H. P. Friedrichs (AC7ZL) Homepage
Building the "Tea Time" Headphone
In ever increasing numbers, people seem to be rediscovering the joy of building primitive radio gear, crystal sets in particular. Most published plans require the builder to purchase or salvage constituent parts. Few are aware that all of the necessary components, including earphones, can be constructed by hand.
The basic principle behind an electromagnetic earphone is simple. An audio signal is fed to coil of wire which is wrapped around a metallic core. The audio voltages produce a varying magnetic field in the core. The core is positioned in close proximity to a ferrous diaphragm, such that the variations in magnetic field induce vibratory motion in the diaphragm. The diaphragm, or course, produces the sound. In this article, I'd like to describe the process for building a magnetic earphone using easily obtainable junk.
One must first locate and obtain two metallic tins with slip-on lids. My tins once contained tea leaves, though depending upon the part of the world in which you live, such tins may alternately contain salves, powders, candy, or even paper clips. Here in the U.S.A, hobby stores sell these types of containers empty, for decorating, gift, or craft purposes. Henceforth, I'll refer to one of the tins as "A" and the other as "B." See photo 1.
To begin with, the two tins must be modified so that they will join together. To do this, the lid of tin "B" must be "skeletonized" as shown in photo 2.
It is then soldered to the rim of the base of tin "A." This will allow tins "A" and "B" to be linked together, effectively producing two cavities separated by a diaphragm (the floor of tin "A"). Before soldering, use sandpaper on mating surfaces to remove rust or paint. Also, make sure that nothing impedes the free and natural motion of the diaphragm. See photo 3.
Voice coils for crystal radio work must have a high impedance. I used a coil salvaged from the ringer of an old telephone. If you wish, you can try using pre-wound coils salvaged from small solenoid valves, relays, miniature transformers, or you can fashion a cardboard bobbin and wind your own. My coil measures about 3.5 Kohm resistance. See photo 4.
In operation, the coil must be suspended above the diaphragm so that its magnetic field may act upon the diaphragm. This is accomplished through the use of a small square of metal I call the "base plate." The base plate provides a shelf upon which the coil may rest.

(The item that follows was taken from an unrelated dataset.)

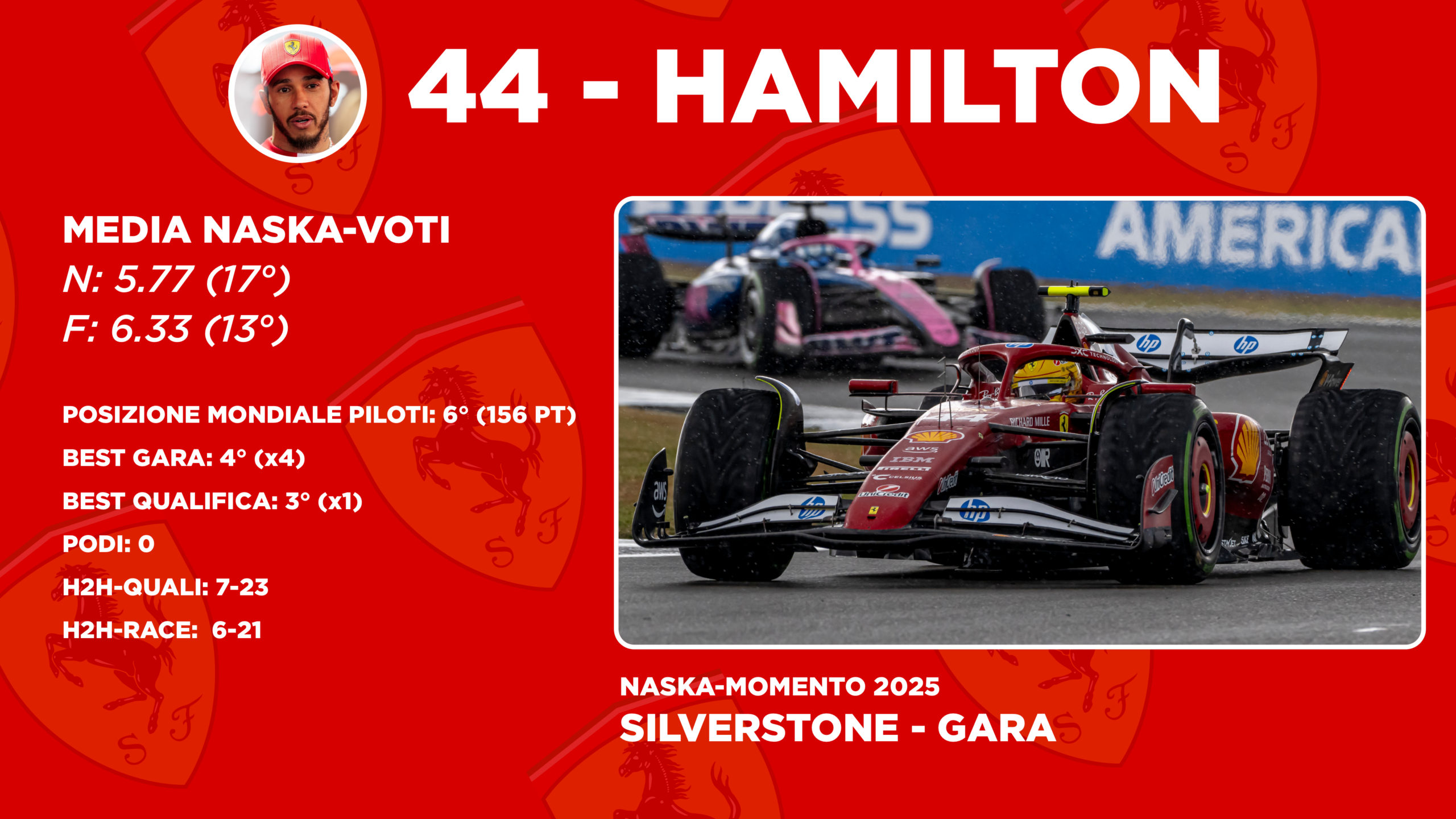 Ed ecco qui la grande sorpresa di questo pagellone, per quanto anche per voi Lewis Hamilton sia fuori dalla Top Ten. Voi avete ritenuto la sua stagione con un 6 molto convinto di media, è addirittura 13° nella vostra classifica, per il 2025 di Lewis è stato insufficiente. Qualche lampo, come Silverstone o la parte Sprint del weekend cinese. Per il resto, un sacco di difficoltà e un confronto pesantissimo con Leclerc, soprattutto in gara. Pensate che, Sprint escluse, sull’asciutto gli è rimasto davanti solo a Baku, per il mancato swap, e a Imola, grazie a una Safety fortunata. Ahia ahia.

The plate must be made of a non-magnetic material, and must be bored or punched with a hole to permit the coil's core to pass through it. In my particular case, I made the base plate of copper. I added a U-shaped bracket to secure the coil to the plate. You may elect simply to glue your coil to the base plate and forgo the extra bracketry. Photo 5 shows the completed base plate, and photo 6 shows the plate with the coil installed.
The coil must have a magnetic core. In my case, I used the laminations that came with the coil. Alternately, you can use transformer laminations, or even a short bundle soft iron wire. In any event, the end of the core must be relatively flat and the core itself must be moveable, such that it can slide in and out of the coil. Later, this will be necessary in order to adjust the gap between the core and the diaphragm. The completed base plate/coil/core assembly may then be lowered into the flange of lid "B". See photo 7.
A functional earpiece is made by bolting a circular jar lid to the lid of tin "A." Once joined together, I punched a 3/4-inch hole through both of them, and then inserted a rubber grommet to protect my ear from exposure to the potentially sharp edges of the metal. Snapped onto tin "A," the earpiece makes for comfortable listening. See photo 8.
Now wait just a second! What's that silver, cylindrical object stuck to the core in photo 9?
This is a small alnico magnet that was harvested from a cheap loudspeaker. It is used to provide a magnetic "bias" to the core, which greatly improves its operation. Scrap magnets can be found everywhere...bulletin boards, appliances, speakers, and cabinet catches. In fact, it is best to have a small collection of them from which to chose. Avoid the temptation to use rare earth
magnets...they are actually too powerful.
To finish the assembly process simply snap tin "B" into place, where it will act as a protective housing for the core, coil, and magnet. You will probably have to drill a hole into tin "B," through which a cord may pass. In my case, I installed a pair of binding posts to allow me to make connections to the coil without having to dismantle the earphone.
The earphone requires a final adjustment which take a little patience and finesse. The core must be slid inward or outward such that its face rests a few thousandths of an inch from the surface of the diaphragm. If the gap between the core and diaphragm is too narrow, the bias field in the core will attract the diaphragm and the two will stick together. If the gap is too large, the core will not influence the diaphragm properly, and the volume produced by the headphone will be greatly diminished. There is some interplay between the optimum gap and the strength of the bias magnet, so you may decide, through trial and error, to change your bias magnet to something stronger or weaker.
Photo 10 shows the completed earphone, and photo 11 shows it in use with one of my experimental "made-from-junk" crystal sets.